What this task involves =
Repeat each record exactly. Any picture gets left out.

Collection entries
- Opening Delimiter -
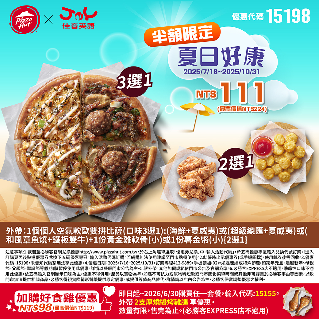 1個個人空氣軟歐雙拼比薩(口味3選1):(海鮮+夏威夷)或(超級總匯+夏威夷)或(和風章魚燒+鐵板雙牛)+1份黃金雞軟骨(小)或1份薯金幣(小){2選1}=NT$111(最高價值NT$224)
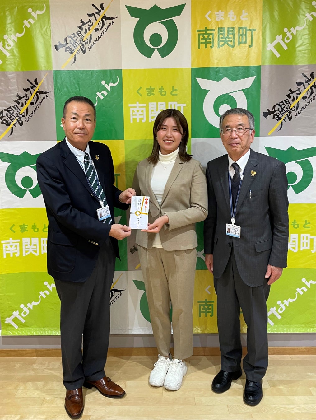 これまで社会貢献ができるプロでありたいという想いから毎年寄付をしてきましたが、2021年より始めたツアー中のバーディー数×@1000円を寄付するという企画を昨年度も実施をし、2023年度のバーディー数232個×1,000円=232,000円を小・中学校の教育活動に役立てていただきたく、2023年12月20日に南関町役場を訪問し、南関町 佐藤安彦 町長に寄付させていただきました。
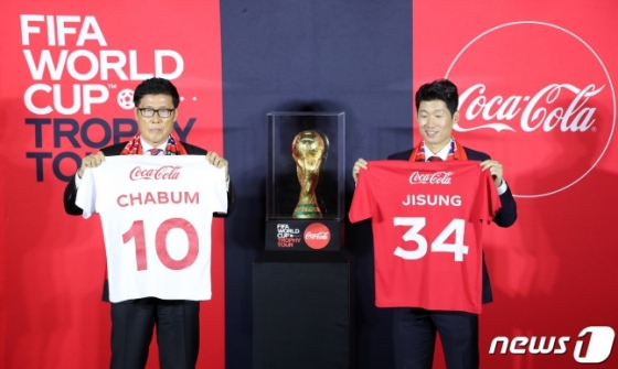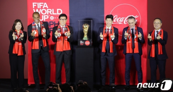 월드컵 스폰서 코카콜라는 24일 오후 2시 서울 여의도 더 현대 서울 사운드 포레스트에서 FIFA 월드컵 카타르 2022 트로피 투어 행사를 열고 우승 트로피를 공개했다.
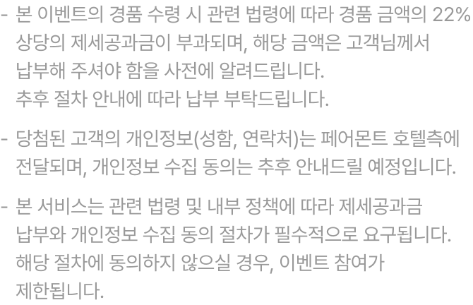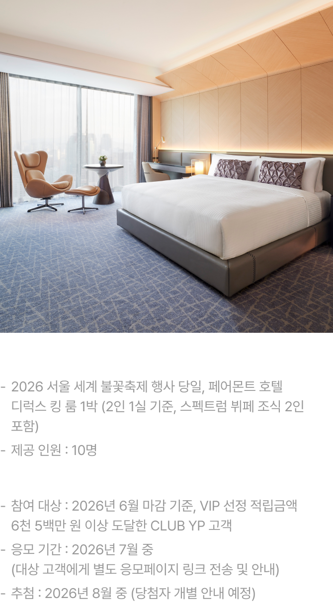 - 유선 예약으로만 혜택 적용 가능합니다. [예약 전화번호] 02-3395-6000 예약실 운영 시간 : 오전 9시 ~ 오후 6시 투숙 1일 전 오후 6시 전까지 유선 예약 완료해 주십시오. - 제외일 : 2026 서울 세계 불꽃 축제기간, 12/24-27, 12/31 |
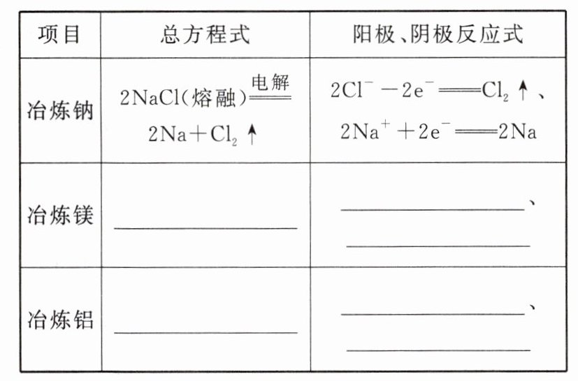 $MgCl_{2}(熔融)\xlongequal{电解}Mg + Cl_{2}\uparrow$ $2Cl^{-}-2e^{-}=Cl_{2}\uparrow$ $Mg^{2+}+2e^{-}=Mg$ $2Al_{2}O_{3}(熔融)\xlongequal{电解}4Al + 3O_{2}\uparrow$ $6O^{2-}-12e^{-}=3O_{2}\uparrow$ $4Al^{3+}+12e^{-}=4Al$
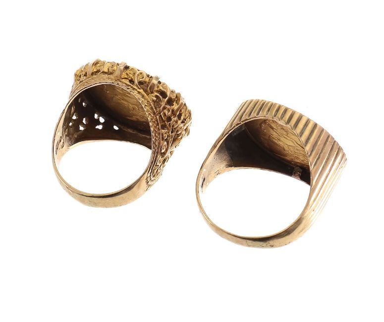 both 1900 sovereigns with St George and the dragon, and Victoria profile facing left, one claw set to a foliate openwork shank, the other with a reeded shank, marked 9ct (2)
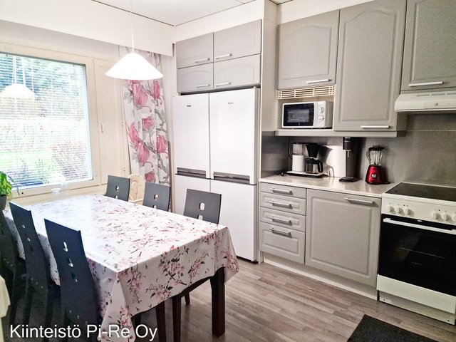 ASUNTOON TEHDYT REMONTIT: 2010 Asennettu ilmalämpöpumppu. 2019 Asennettu kauttaaltaan laminaatti. Markiisi terassille. Uusittu liesi ja jääkaappi/pakastin.
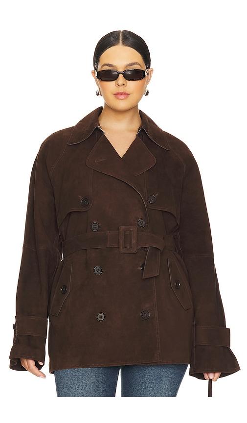 L'ACADEMIE BY MARIANNA ELAE SUEDE JACKET IN CHOCOLATE.
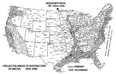 Why do so many future maps show the western portion of the United States submerged or assaulted by water? The Zetas have this in a state of mountain building, albeit with high tides during the hour of the shift, but not with Arizona, Nevada, Colorado, etc submerged. This flooding of the west coast appears in Lori Toye's 1983 channeled map, the first to be widely published. Then in Scallion's map representing his vision, Chet Snow's map representing the hypnosis of hundreds, and the Dolores Cannon map also representing hypnosis of many. They have the west coast going down, apparently, the reverse of what the Zetas tell us will happen other than that the inland valley's of California will be flooded for weeks due to water being trapped by the sloshing over the coastal mountains. Only the 1950 map by Pitre show the mountain regions above water, in concurrence with the Zeta message.
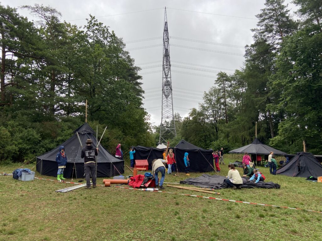 Zum Beginn der Sommerferien fuhren 18 Wölflinge und 4 Leitende nach Rothmannsthal zum Wölflingsbayernlager „Wösteria – Wölfi im Zauberwald“. Gemeinsam mit über 400 weiteren Pfadfindern wurden wir von der Helfercrew am verregneten Zeltplatz in Empfang genommen. Als die Zelte standen und sich alle eingerichtet hatten, wurden wir abends von Wölfi begrüßt (dem Maskottchen der Wölflingsstufe). Nach Zahnputzparty und Nachtwanderung ging es dann für die Kinder ins Bett.
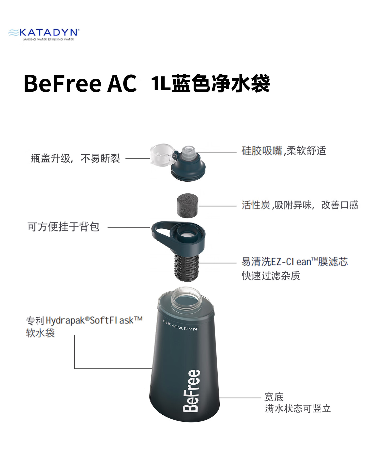 其次,BeFree AC 1L蓝色净水袋的容量为1升,正好满足您日常饮用的需求。其轻便易携的设计,使得您在户外活动中能够轻松携带,不受负担。此外,该产品的耐用性也相当出色,即使在恶劣的环境下也能保持稳定的性能。
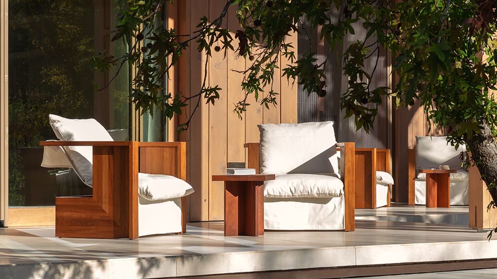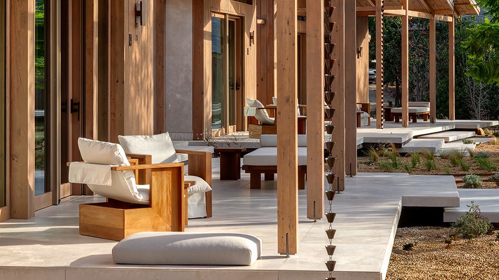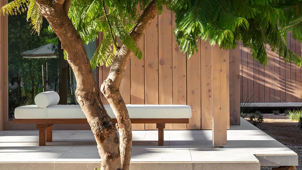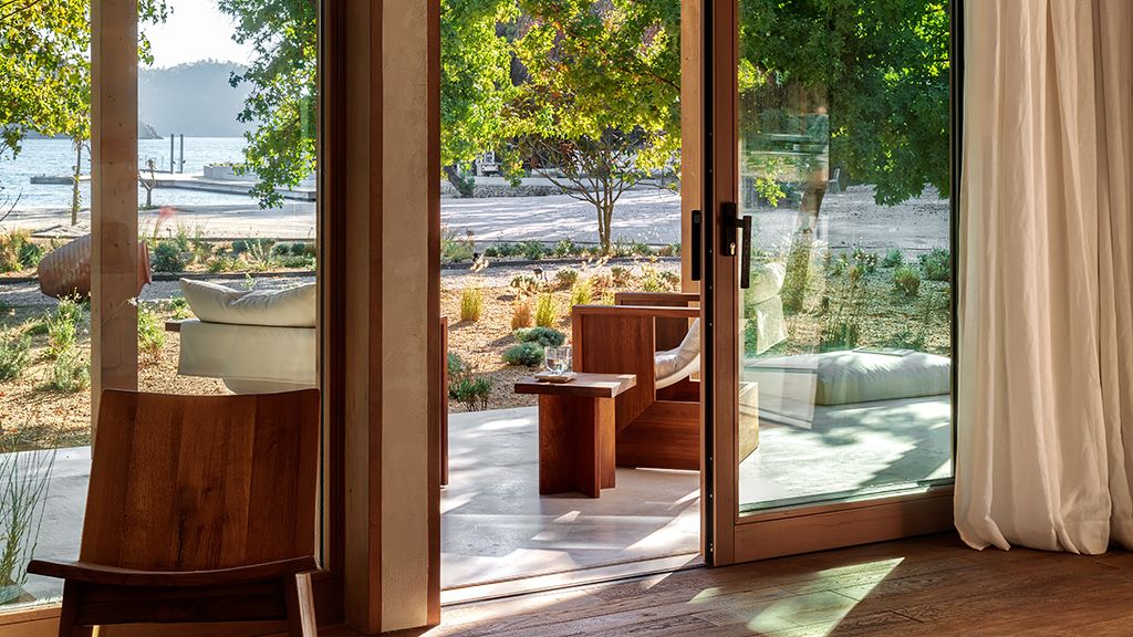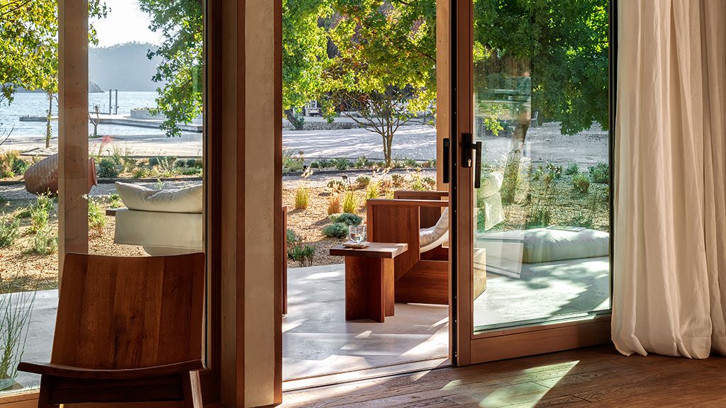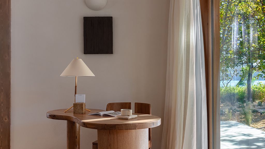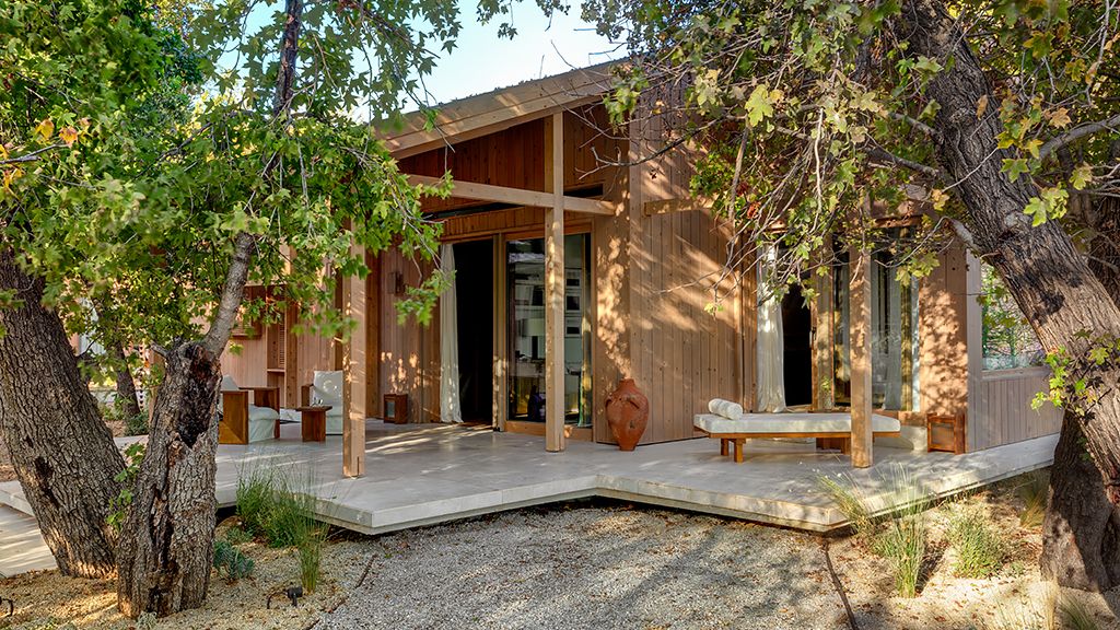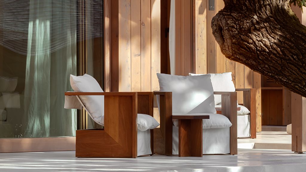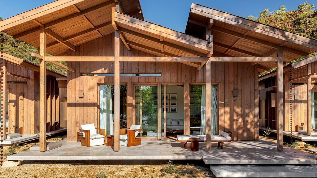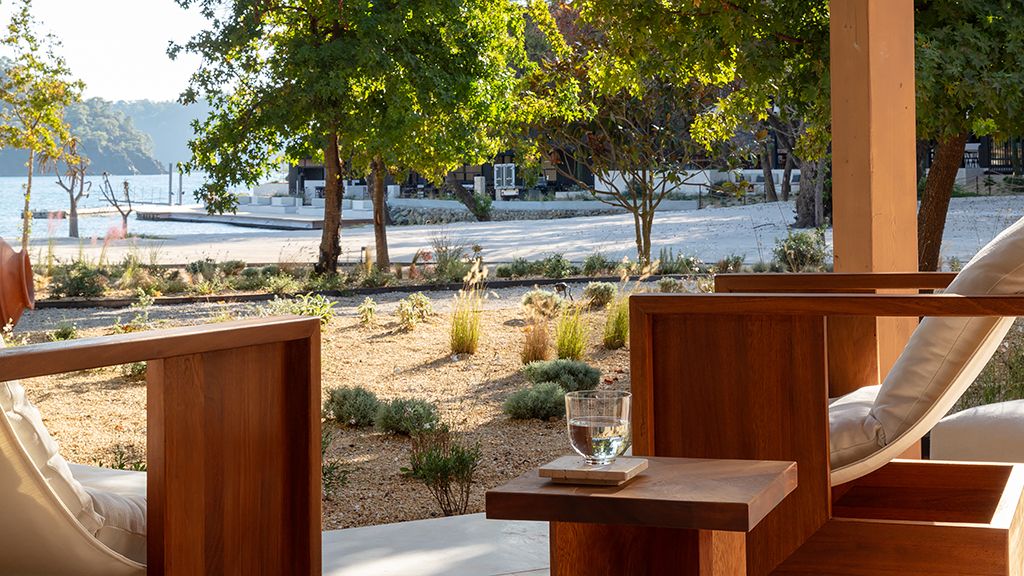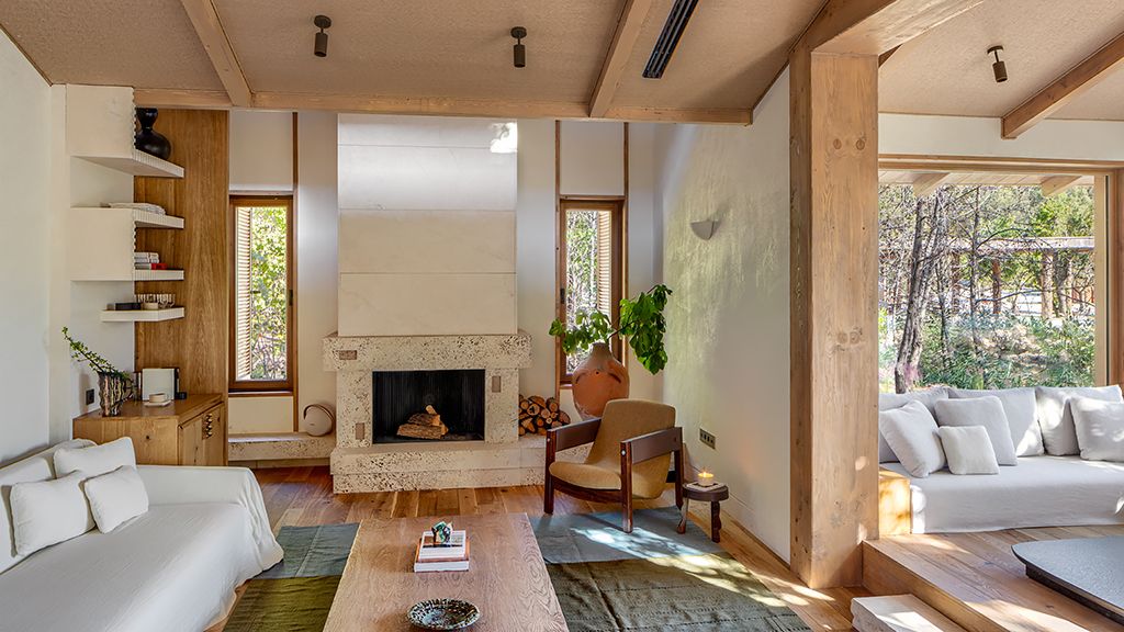 The cabana features a private terrace, two bedrooms with ensuite bathrooms, queen or twin bed, living room, fireplace, minibar, shower, coffee and tea setup, safe. The interiors are inspired by the light and airy essence of the Mediterranean, overlooking the forest.
- Closing Delimiter -
Response for this exercise =
 1個個人空氣軟歐雙拼比薩(口味3選1):(海鮮+夏威夷)或(超級總匯+夏威夷)或(和風章魚燒+鐵板雙牛)+1份黃金雞軟骨(小)或1份薯金幣(小){2選1}=NT$111(最高價值NT$224)
 これまで社会貢献ができるプロでありたいという想いから毎年寄付をしてきましたが、2021年より始めたツアー中のバーディー数×@1000円を寄付するという企画を昨年度も実施をし、2023年度のバーディー数232個×1,000円=232,000円を小・中学校の教育活動に役立てていただきたく、2023年12月20日に南関町役場を訪問し、南関町 佐藤安彦 町長に寄付させていただきました。
 월드컵 스폰서 코카콜라는 24일 오후 2시 서울 여의도 더 현대 서울 사운드 포레스트에서 FIFA 월드컵 카타르 2022 트로피 투어 행사를 열고 우승 트로피를 공개했다.
 - 유선 예약으로만 혜택 적용 가능합니다. [예약 전화번호] 02-3395-6000 예약실 운영 시간 : 오전 9시 ~ 오후 6시 투숙 1일 전 오후 6시 전까지 유선 예약 완료해 주십시오. - 제외일 : 2026 서울 세계 불꽃 축제기간, 12/24-27, 12/31 |
 $MgCl_{2}(熔融)\xlongequal{电解}Mg + Cl_{2}\uparrow$ $2Cl^{-}-2e^{-}=Cl_{2}\uparrow$ $Mg^{2+}+2e^{-}=Mg$ $2Al_{2}O_{3}(熔融)\xlongequal{电解}4Al + 3O_{2}\uparrow$ $6O^{2-}-12e^{-}=3O_{2}\uparrow$ $4Al^{3+}+12e^{-}=4Al$
 both 1900 sovereigns with St George and the dragon, and Victoria profile facing left, one claw set to a foliate openwork shank, the other with a reeded shank, marked 9ct (2)
 ASUNTOON TEHDYT REMONTIT: 2010 Asennettu ilmalämpöpumppu. 2019 Asennettu kauttaaltaan laminaatti. Markiisi terassille. Uusittu liesi ja jääkaappi/pakastin.
 L'ACADEMIE BY MARIANNA ELAE SUEDE JACKET IN CHOCOLATE.
 Why do so many future maps show the western portion of the United States submerged or assaulted by water? The Zetas have this in a state of mountain building, albeit with high tides during the hour of the shift, but not with Arizona, Nevada, Colorado, etc submerged. This flooding of the west coast appears in Lori Toye's 1983 channeled map, the first to be widely published. Then in Scallion's map representing his vision, Chet Snow's map representing the hypnosis of hundreds, and the Dolores Cannon map also representing hypnosis of many. They have the west coast going down, apparently, the reverse of what the Zetas tell us will happen other than that the inland valley's of California will be flooded for weeks due to water being trapped by the sloshing over the coastal mountains. Only the 1950 map by Pitre show the mountain regions above water, in concurrence with the Zeta message.
 Zum Beginn der Sommerferien fuhren 18 Wölflinge und 4 Leitende nach Rothmannsthal zum Wölflingsbayernlager „Wösteria – Wölfi im Zauberwald“. Gemeinsam mit über 400 weiteren Pfadfindern wurden wir von der Helfercrew am verregneten Zeltplatz in Empfang genommen. Als die Zelte standen und sich alle eingerichtet hatten, wurden wir abends von Wölfi begrüßt (dem Maskottchen der Wölflingsstufe). Nach Zahnputzparty und Nachtwanderung ging es dann für die Kinder ins Bett.
 其次,BeFree AC 1L蓝色净水袋的容量为1升,正好满足您日常饮用的需求。其轻便易携的设计,使得您在户外活动中能够轻松携带,不受负担。此外,该产品的耐用性也相当出色,即使在恶劣的环境下也能保持稳定的性能。
 The cabana features a private terrace, two bedrooms with ensuite bathrooms, queen or twin bed, living room, fireplace, minibar, shower, coffee and tea setup, safe. The interiors are inspired by the light and airy essence of the Mediterranean, overlooking the forest.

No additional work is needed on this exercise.